– Time to measure our laws against our cultural references

AN act of fatal domestic violence in many cases is not rationally conceptualised and executed. Though yes, there are those clinical and sinister acts. Because from the most learned authorities on neurology, most of what goes on in the brain are subject to an array of factors that are speculative rather than can be clarified as more than 70 percent fact in relation to how the human brain works. For example, you know someone, you have engaged that person in conversations, there seem to be no fanatical hardliner positions on any political or belief factors that can be identified, yet that full-of-life person commits a murder and concludes with a suicide. I knew one such person who was an electrician at GRB years ago and who had acted out such a scenario overseas. I have constantly however referred to a reality to which I was exposed as an adolescent and which I was much later able to define, via exposure to a specific training. I have mentioned in several articles as the two cultural perceptions on domestic and life matters in Guyana, as Patriarchal and Matriarchal they hearken to completely opposing domestic cultures of management.
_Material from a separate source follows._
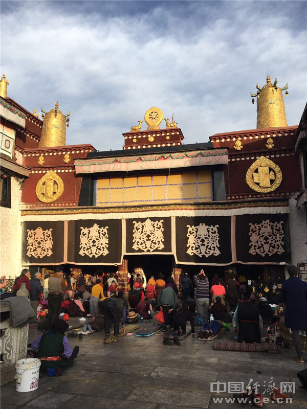 大昭寺前跪拜的信眾。 中國經(jīng)濟(jì)網(wǎng)記者李婧 攝。
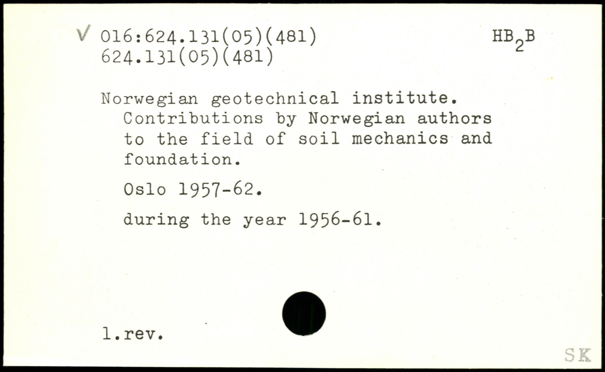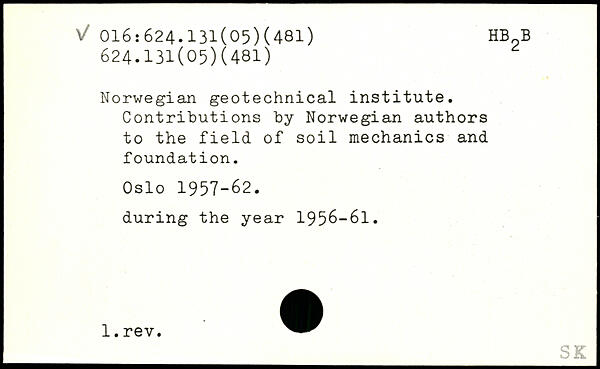 Norwegian geotechnical institute. Contributions by Norwegian authors to the field of soil mechanics and foundation. Oslo 1957-62. during the year 1956-61.

Recently, in a December 2019 edition of Stabroek News, a letter was carried: “Failure to address the ethnic impetus in domestic abuse will see the scourge continues,” by Sushil Persaud. The letter is progressive in the context of understanding domestic violence in this country from a cultural standpoint, though it was narrowed to one ethnic group.

Domestic murder traverses cultural and human variation (ethnic) borders I concede, but it is crucial to understand the ignored cultural undercurrents that we are dealing with, and how they impact on many of the fatal situations that have not been abated by high-handed court sentencing. Our lawmakers have never related to the cultural synapses that impact on our impulsive reactions to social matters.

Exposure to different cultures and the sometimes openness of key individuals to explain what may seem one way, but is, in fact, another, plays a definite crucial role of enlightenment against the arrogance of one’s own solidified perspective. I am grateful to have been raised and exposed to two provincial cultures, Afro and Indian, and at the same time to predominant urban values, country and town. Believe me, in the context, I mentioned four different life perspectives based on different social evolutionary experiences. I can remember the brother of two young girls breaking up a playgroup and ordering them home; they lived in a more provincial area of the two villages. They were Indian, the other three girls were neighbours, one Indian and the other two Afro-Guyanese. I met the father the next day, he was a friend of both my godfather and my father, so we had a gaff freedom. I asked him if he didn’t want his daughter to mix with ‘Black people’ (the term used then we sat down by the 40-foot bridge and he explained in current related language that if Indian girls interacted with Afro Guyanese, they will become like them, meaning not conditioned as Indian girls should be, but commanding negotiations on expectations, rather than obeying.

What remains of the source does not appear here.